Monday, March 4, 2024

Virginia Beach residents say they were called ‘decrepit’ after asking condo to clear sand dune. Now they’re suing.

A sand dune has impeded beach access for three disabled people in the Bays Edge Condominium community, according to a federal complaint. (Adrienne Mayfield/Southside Daily)

VIRGINIA BEACH — After three years of fighting in and out of court over a sand dune that allegedly prohibits disabled homeowners in a Lynnhaven Shores neighborhood from accessing the beach, four people are suing a Virginia Beach condominium association and its property manager in federal court on the basis of discrimination.

The involved homeowners — 91-year-old Harry Seipel and his wife Andrea Boyce, 63-year-old Randolyn Halterman and 83-year-old Betty J. Carder — say that a sand dune that formed over a private path meant for Bays Edge Condominium residents has impeded their access to the Chesapeake Bay, according to a complaint filed in the U.S. District Court of the Eastern District of Virginia in Norfolk.

According to the complaint, the dune has created a drop off that is between three and six feet depending on the weather, making it impassable to disabled homeowners. Seipel, Halterman and Carder suffer from disabilities that limit their mobility. In 2015 Halterman fell while trying to access the beach using the private path and sustained “severe” injuries.

The Bays Edge Condominium Association and its manager, Hutcheson Realty Inc., are responsible for maintaining the area, including the walkway to the beach. From 2014 to 2015, the four homeowners asked the agencies to clear the beach access point, but they were ignored, the complaint alleges.

In May 2015, the homeowners paid a contractor $600 to have a portion of the sand dune removed, but when the association found out they reported them to the Virginia Beach Wetland’s Board. Siepel and Boyce were issued citations for unlawfully moving a sand dune; however, those hearings actually resulted in a $400 fine for the Bays Edge association, who in turn hired a lawyer to sue the homeowners in Virginia Beach General District Court for $25,000 in legal fees, the complaint states.

After that suit was filed, Halterman asked about the status of clearing the beach path and was told to “piss off” by one of the association’s leaders, the complaint says.

Boyce asked the same member about the status of the beach path and was told in an email, “If you are too decrepit to live in a three-story condo, with no elevator, and walk over a little sand, then move, and take your nasty friend [Halterman] with you,” the complaint alleges.

In November 2015, Seipel, Boyce and Carder filed a federal lawsuit against the association under the Virginia Fair Housing Act and the Americans with Disability Act.
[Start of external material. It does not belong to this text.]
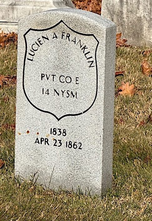 FRANKLIN, LUCIEN A. (or L. A.) (1838-1862). Private, 84th New York (14th Brooklyn) Infantry, Company E. A native of Brooklyn, Franklin enlisted on April 18, 1861, mustered in on May 23, and was discharged for disability on July 24, 1861, at Arlington, Virginia. He died of consumption on April 23, 1862. As per his obituary in The New York Times, his comrades in the Fourteenth Regiment were invited to attend his funeral. His mother, Ann Franklin, who is interred with him, applied for a pension in January 1891, application 502,017, but she died before it was certified. Section 147, lot 22232.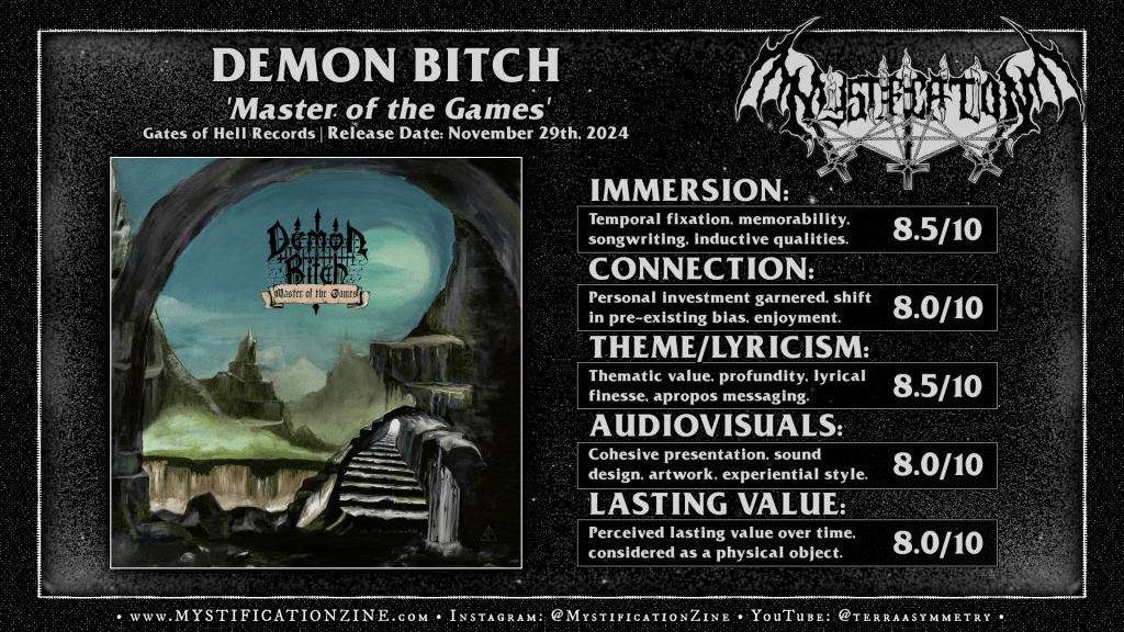 As underground heavy metal continues to consolidate under just a few growing banners looking for more than trendy “new wave of…” gimmickry the return of a high-caliber group like Demon Bitch is a sign of burgeoning health, records that carry a lasting mark and overflow with energizing personality. ‘Master of the Games‘ reminds us just how much of a thrill mid-to-late 80’s speed/heavy metal could be with high level guitar craft, shred worthy flair and a vocalist with truly wild vision. The personal touch applied to this sophomore album invokes an enduring passion for heavy metal, skills stoked for years ’til this record was just right in its execution and statement alike. In fact I still find this album growing on me as I revisit it beyond the review process.

After about two weeks in court, the group was able to settle for a “confidential sum of money.” The association said that they would take steps to provide and maintain beach access for all residents, according to the complaint.

As a result of the federal lawsuit, the Virginia Beach General District Court suit was dismissed against all of the residents, except Halterman in which case it was “nonsuited.” When a lawsuit is nonsuited, it means that the legal matter is terminated without either side proving their case.
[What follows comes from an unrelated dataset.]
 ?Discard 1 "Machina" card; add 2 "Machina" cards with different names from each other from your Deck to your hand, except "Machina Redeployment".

In April 2017, the homeowner’s lawyer asked Hutcheson Realty about what the association planned to do to clear the pathway, which was still blocked six months after the settlement. Until the pathway was permanently unblocked, the residents asked for the association to rent a golf cart that they could use between May and September, but the association didn’t respond, according to the complaint.

The association did hold meetings to discuss beach access, and they said they would vote on two proposals to build a beach dune walkover so the homeowners could access the space; however, instead the association purchased a “Mobi-mat” to lay over the dune. The slip-resistant walkway allows wheelchairs, walkers and strollers to go over sand, the complaint states.

While the Mobi-mat is helpful on flat sand, the homeowners say it didn’t fix the fact that the dune dropped off between three and six feet. They believe a better fix for their access and the health of the environment would be a walkover, according to the complaint.

The homeowners are asking for compensation for their financial and emotional suffering, as well as for the association to fix the access. They are asking for a jury to determine the outcome.

The Bays Edge Condominium Association and Hutcheson Realty Inc. did not respond to numerous requests for comment from Southside Daily.

Defense Attorney Todd Gaynor, who one of the attorneys representing the homeowners, declined to comment on the case.